**WHAT YOU WILL DO:** Please print nothing but the lines from the one containing "На площади, удаленные" to the final line below, exactly, and no pictures.

**SOURCE RECORDS:**
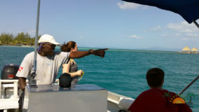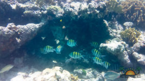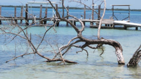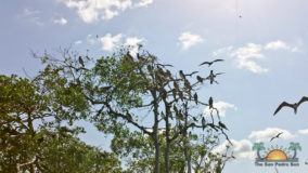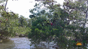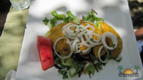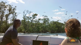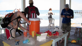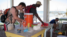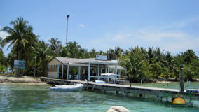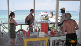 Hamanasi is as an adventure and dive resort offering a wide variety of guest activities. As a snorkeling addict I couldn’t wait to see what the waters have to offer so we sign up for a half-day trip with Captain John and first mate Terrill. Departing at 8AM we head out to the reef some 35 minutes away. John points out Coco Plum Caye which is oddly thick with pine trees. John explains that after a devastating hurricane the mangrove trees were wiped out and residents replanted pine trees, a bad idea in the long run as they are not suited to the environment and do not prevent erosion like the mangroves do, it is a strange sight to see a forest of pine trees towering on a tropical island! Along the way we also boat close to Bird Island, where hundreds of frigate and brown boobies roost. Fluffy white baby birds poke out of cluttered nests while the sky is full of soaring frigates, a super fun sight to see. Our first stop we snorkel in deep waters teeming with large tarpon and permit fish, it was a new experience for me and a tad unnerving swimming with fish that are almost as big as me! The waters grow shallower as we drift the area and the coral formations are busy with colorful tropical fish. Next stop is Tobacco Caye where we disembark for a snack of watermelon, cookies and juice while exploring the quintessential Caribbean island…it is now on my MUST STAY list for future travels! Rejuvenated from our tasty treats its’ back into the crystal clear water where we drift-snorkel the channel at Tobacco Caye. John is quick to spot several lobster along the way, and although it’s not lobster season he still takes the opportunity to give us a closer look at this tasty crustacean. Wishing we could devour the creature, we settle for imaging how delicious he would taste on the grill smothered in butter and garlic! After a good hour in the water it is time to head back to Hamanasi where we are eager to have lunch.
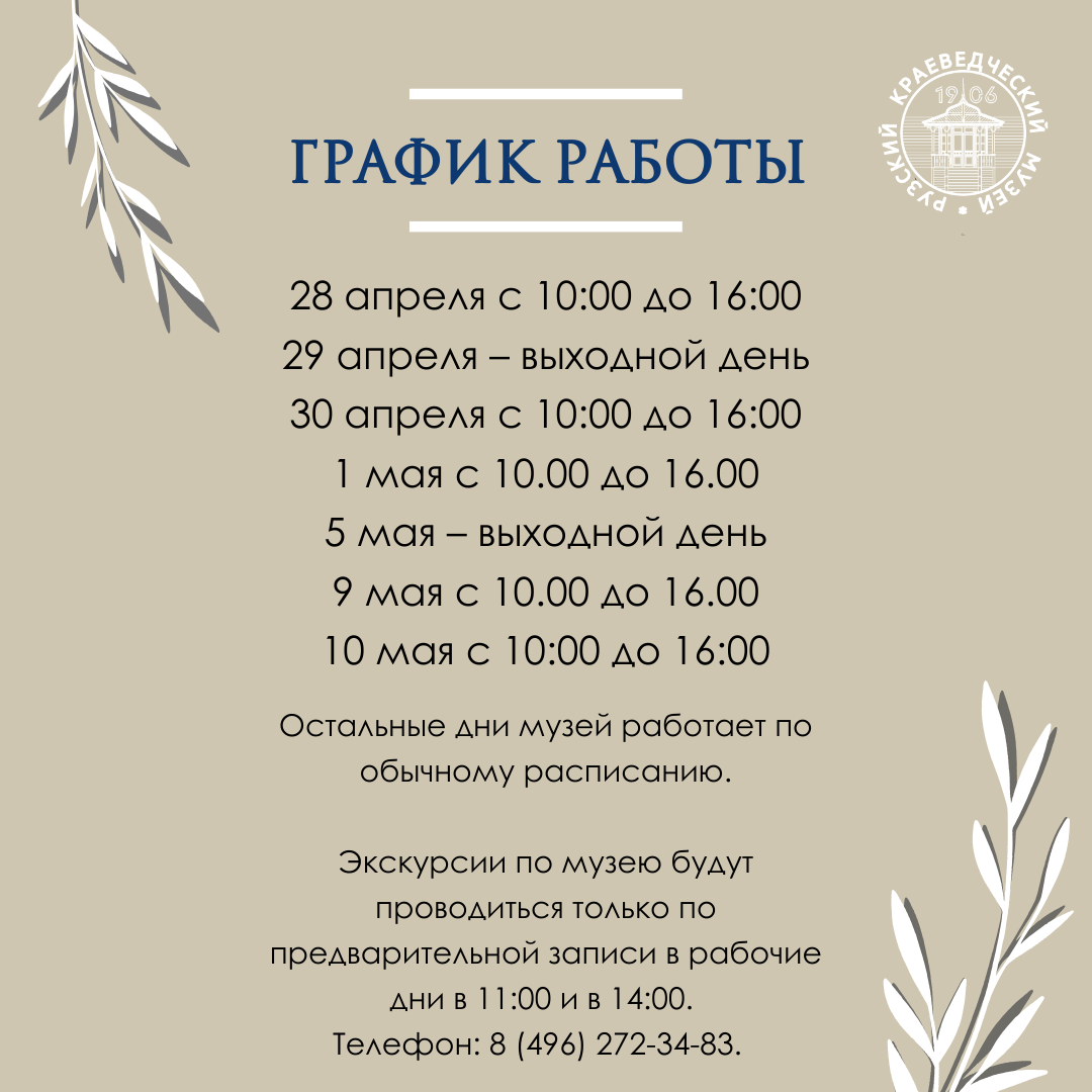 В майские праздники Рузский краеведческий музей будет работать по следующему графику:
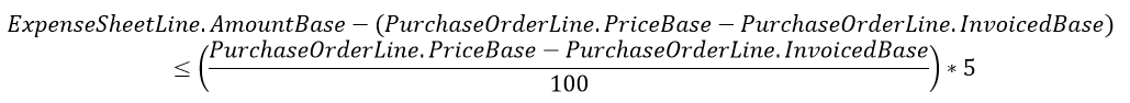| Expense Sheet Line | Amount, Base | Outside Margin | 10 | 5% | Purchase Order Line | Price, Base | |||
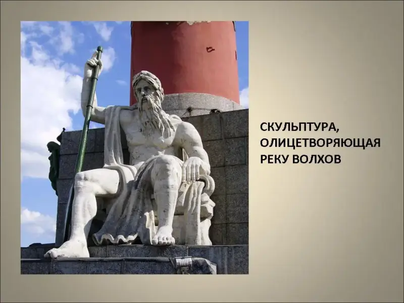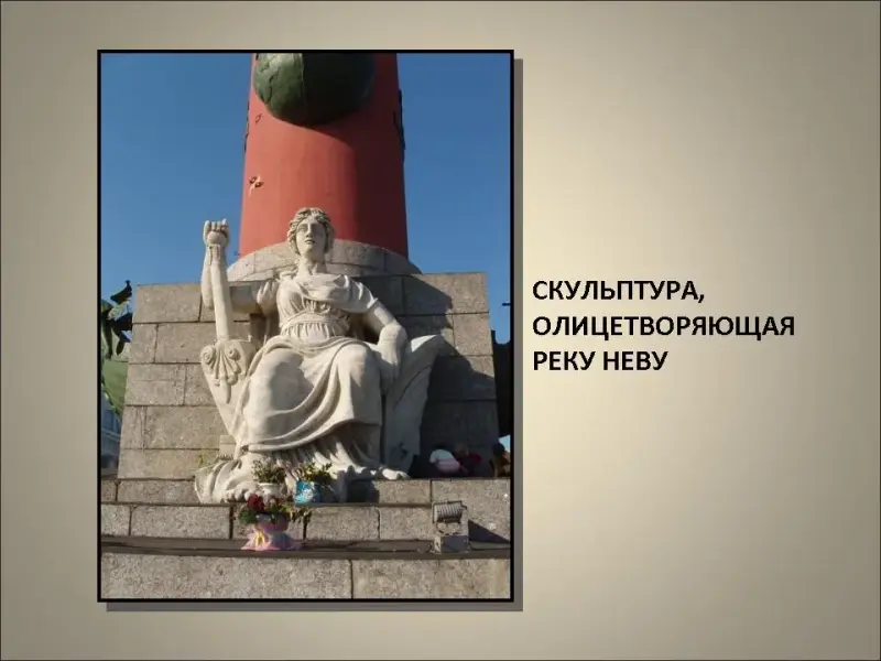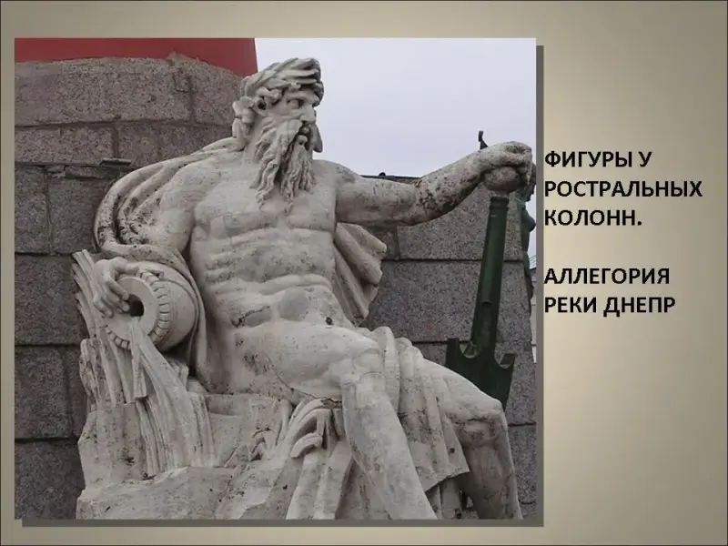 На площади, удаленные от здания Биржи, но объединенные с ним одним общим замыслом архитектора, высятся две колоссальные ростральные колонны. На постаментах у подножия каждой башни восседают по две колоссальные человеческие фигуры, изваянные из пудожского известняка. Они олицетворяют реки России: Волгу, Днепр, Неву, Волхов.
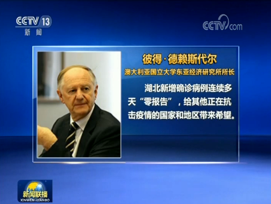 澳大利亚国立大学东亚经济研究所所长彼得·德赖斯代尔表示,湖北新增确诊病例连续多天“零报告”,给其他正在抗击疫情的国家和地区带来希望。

**RESULT FOR THIS TASK:**
 На площади, удаленные от здания Биржи, но объединенные с ним одним общим замыслом архитектора, высятся две колоссальные ростральные колонны. На постаментах у подножия каждой башни восседают по две колоссальные человеческие фигуры, изваянные из пудожского известняка. Они олицетворяют реки России: Волгу, Днепр, Неву, Волхов.
 澳大利亚国立大学东亚经济研究所所长彼得·德赖斯代尔表示,湖北新增确诊病例连续多天“零报告”,给其他正在抗击疫情的国家和地区带来希望。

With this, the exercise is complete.